* [EXERCISE DESCRIPTION]: Skip all pictures, then copy the lines from the start of the data through the line with "Ein hochwertiger, in", keeping both ends.

* [DATA UNDER STUDY]:

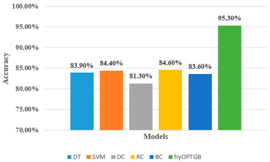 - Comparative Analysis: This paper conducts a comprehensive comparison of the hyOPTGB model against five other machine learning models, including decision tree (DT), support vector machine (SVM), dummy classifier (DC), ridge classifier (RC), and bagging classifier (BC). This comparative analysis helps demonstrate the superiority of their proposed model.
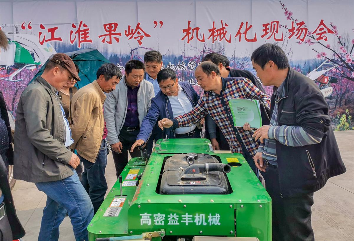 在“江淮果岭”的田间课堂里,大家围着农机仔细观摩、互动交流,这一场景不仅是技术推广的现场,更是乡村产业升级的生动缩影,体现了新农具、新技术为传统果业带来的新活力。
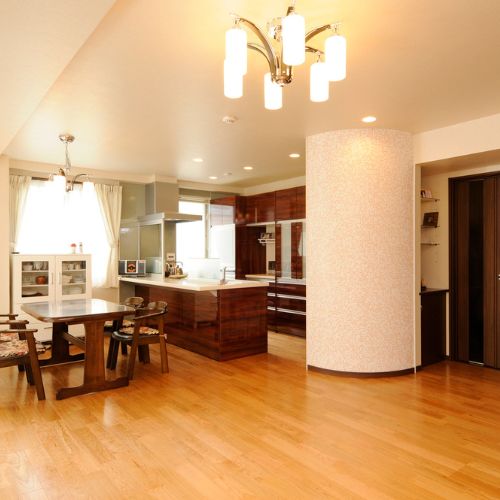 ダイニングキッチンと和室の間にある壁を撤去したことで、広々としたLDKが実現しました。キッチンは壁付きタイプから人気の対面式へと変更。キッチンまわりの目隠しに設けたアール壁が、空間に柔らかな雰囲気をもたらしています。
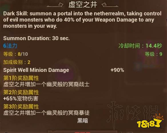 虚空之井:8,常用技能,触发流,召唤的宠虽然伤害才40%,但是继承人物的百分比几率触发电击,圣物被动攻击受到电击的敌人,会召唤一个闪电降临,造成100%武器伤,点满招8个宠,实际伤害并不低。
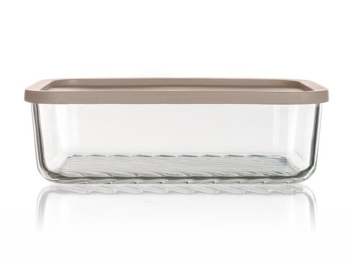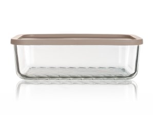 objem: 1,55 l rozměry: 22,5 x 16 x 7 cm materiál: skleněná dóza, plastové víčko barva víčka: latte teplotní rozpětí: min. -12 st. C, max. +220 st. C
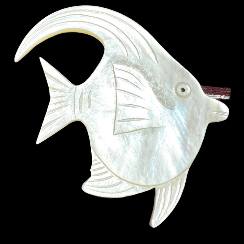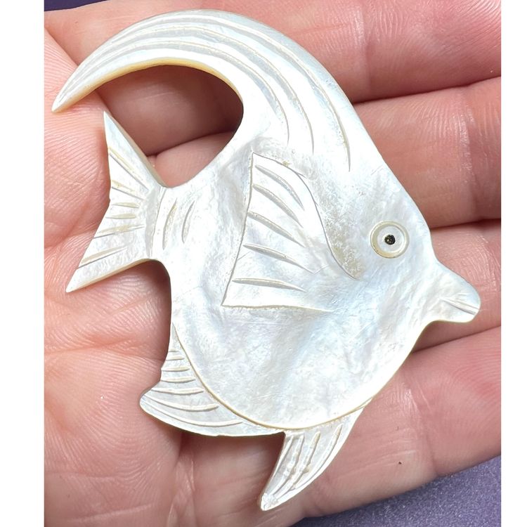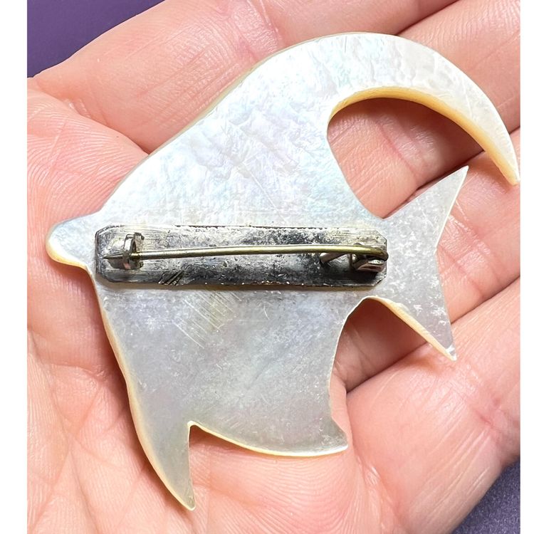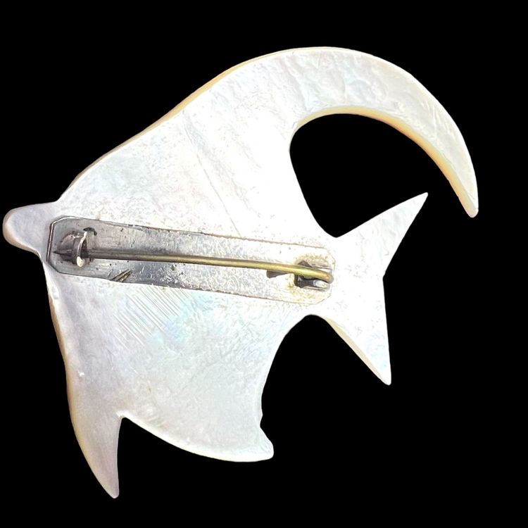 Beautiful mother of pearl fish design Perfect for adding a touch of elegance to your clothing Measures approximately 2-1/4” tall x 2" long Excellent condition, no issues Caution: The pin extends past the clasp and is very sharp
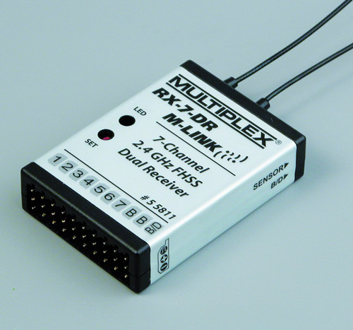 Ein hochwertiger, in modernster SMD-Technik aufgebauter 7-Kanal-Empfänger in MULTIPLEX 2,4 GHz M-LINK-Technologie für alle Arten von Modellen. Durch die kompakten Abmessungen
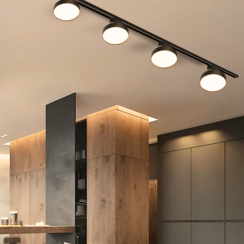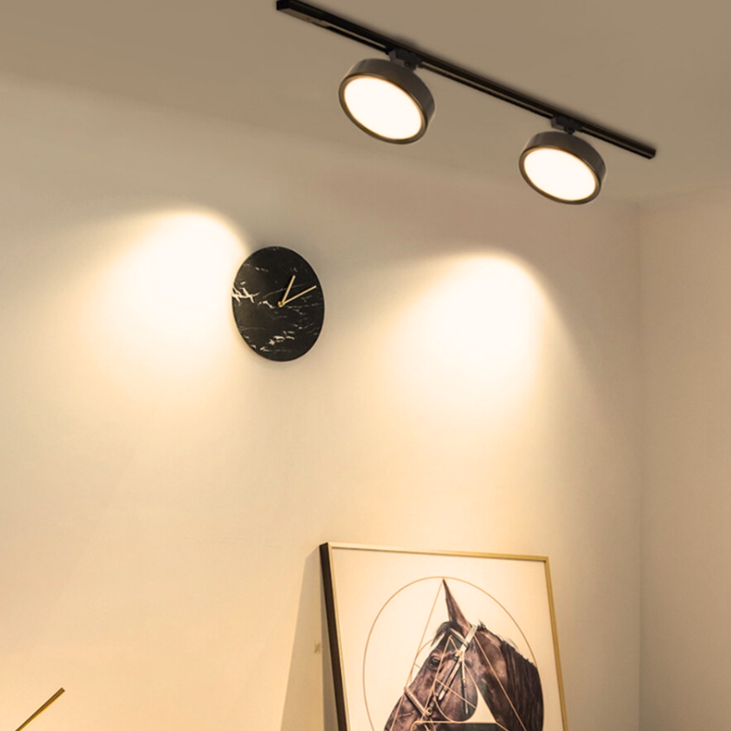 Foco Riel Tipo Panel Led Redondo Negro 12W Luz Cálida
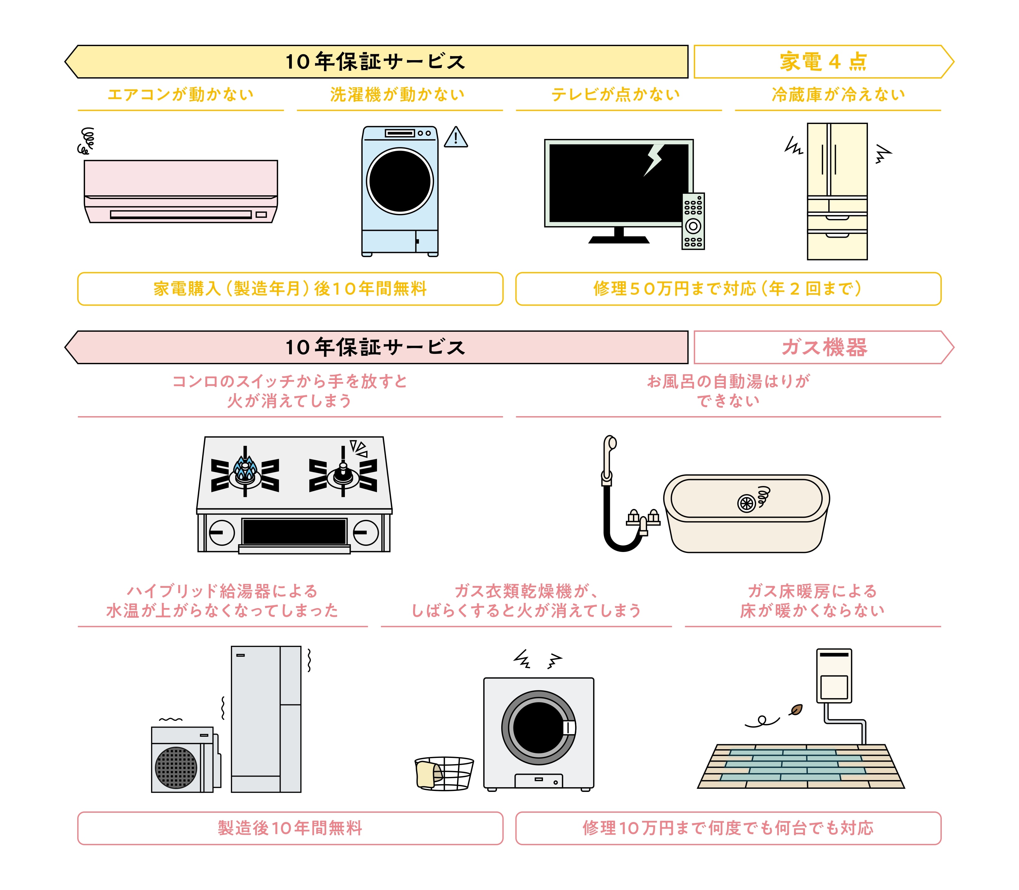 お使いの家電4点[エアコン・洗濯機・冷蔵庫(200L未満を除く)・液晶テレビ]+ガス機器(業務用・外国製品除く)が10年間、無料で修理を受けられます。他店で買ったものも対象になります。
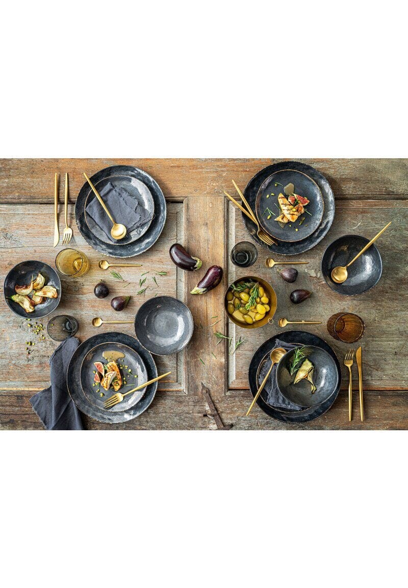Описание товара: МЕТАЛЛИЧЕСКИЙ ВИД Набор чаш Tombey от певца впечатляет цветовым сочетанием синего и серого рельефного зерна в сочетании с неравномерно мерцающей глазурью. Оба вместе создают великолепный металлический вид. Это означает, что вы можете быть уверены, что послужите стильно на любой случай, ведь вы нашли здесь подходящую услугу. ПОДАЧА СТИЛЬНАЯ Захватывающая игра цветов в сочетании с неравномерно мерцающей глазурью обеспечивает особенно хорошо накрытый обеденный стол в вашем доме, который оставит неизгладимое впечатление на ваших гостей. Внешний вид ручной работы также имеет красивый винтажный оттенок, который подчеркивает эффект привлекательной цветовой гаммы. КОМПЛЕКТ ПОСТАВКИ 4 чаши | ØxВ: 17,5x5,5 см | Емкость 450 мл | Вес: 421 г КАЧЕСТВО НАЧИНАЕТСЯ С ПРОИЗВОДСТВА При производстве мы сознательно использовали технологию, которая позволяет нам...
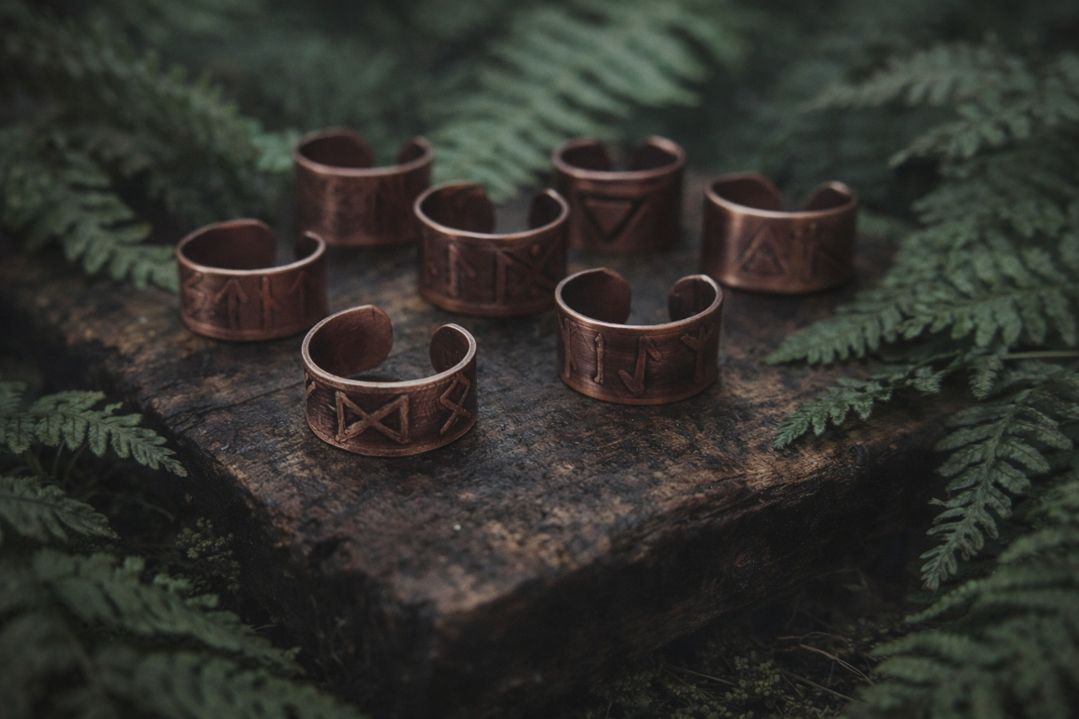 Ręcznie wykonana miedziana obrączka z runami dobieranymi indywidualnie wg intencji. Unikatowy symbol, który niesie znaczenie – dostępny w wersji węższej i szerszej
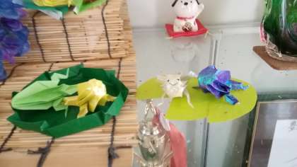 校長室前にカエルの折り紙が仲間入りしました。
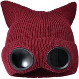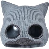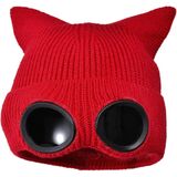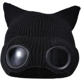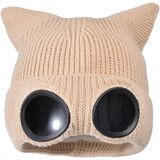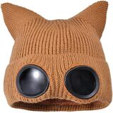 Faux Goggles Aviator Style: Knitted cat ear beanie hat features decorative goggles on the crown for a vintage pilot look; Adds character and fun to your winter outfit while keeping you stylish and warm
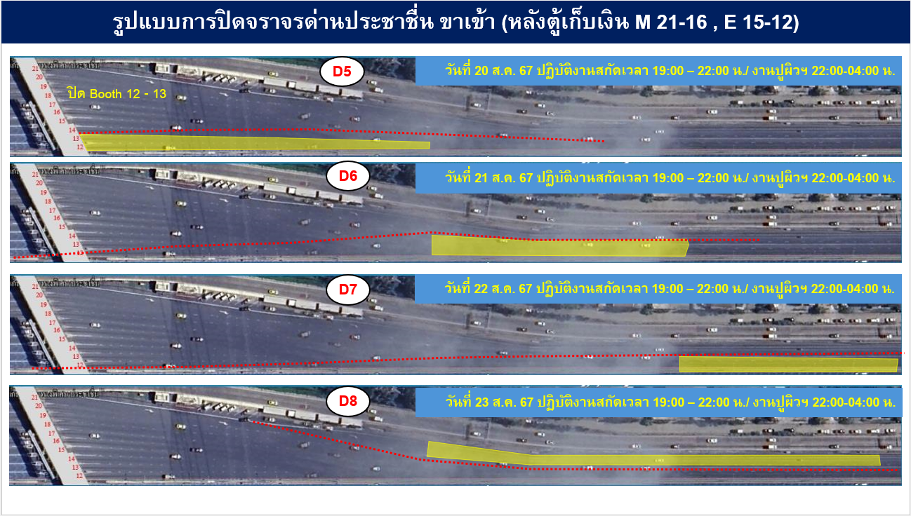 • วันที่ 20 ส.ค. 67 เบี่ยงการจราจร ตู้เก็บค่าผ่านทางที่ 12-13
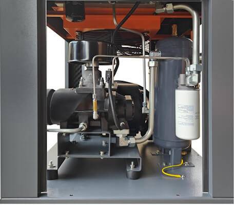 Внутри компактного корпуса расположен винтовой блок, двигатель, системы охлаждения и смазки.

* [EXERCISE RESULT]:
 - Comparative Analysis: This paper conducts a comprehensive comparison of the hyOPTGB model against five other machine learning models, including decision tree (DT), support vector machine (SVM), dummy classifier (DC), ridge classifier (RC), and bagging classifier (BC). This comparative analysis helps demonstrate the superiority of their proposed model.
 在“江淮果岭”的田间课堂里,大家围着农机仔细观摩、互动交流,这一场景不仅是技术推广的现场,更是乡村产业升级的生动缩影,体现了新农具、新技术为传统果业带来的新活力。
 ダイニングキッチンと和室の間にある壁を撤去したことで、広々としたLDKが実現しました。キッチンは壁付きタイプから人気の対面式へと変更。キッチンまわりの目隠しに設けたアール壁が、空間に柔らかな雰囲気をもたらしています。
 虚空之井:8,常用技能,触发流,召唤的宠虽然伤害才40%,但是继承人物的百分比几率触发电击,圣物被动攻击受到电击的敌人,会召唤一个闪电降临,造成100%武器伤,点满招8个宠,实际伤害并不低。
 objem: 1,55 l rozměry: 22,5 x 16 x 7 cm materiál: skleněná dóza, plastové víčko barva víčka: latte teplotní rozpětí: min. -12 st. C, max. +220 st. C
 Beautiful mother of pearl fish design Perfect for adding a touch of elegance to your clothing Measures approximately 2-1/4” tall x 2" long Excellent condition, no issues Caution: The pin extends past the clasp and is very sharp
 Ein hochwertiger, in modernster SMD-Technik aufgebauter 7-Kanal-Empfänger in MULTIPLEX 2,4 GHz M-LINK-Technologie für alle Arten von Modellen. Durch die kompakten Abmessungen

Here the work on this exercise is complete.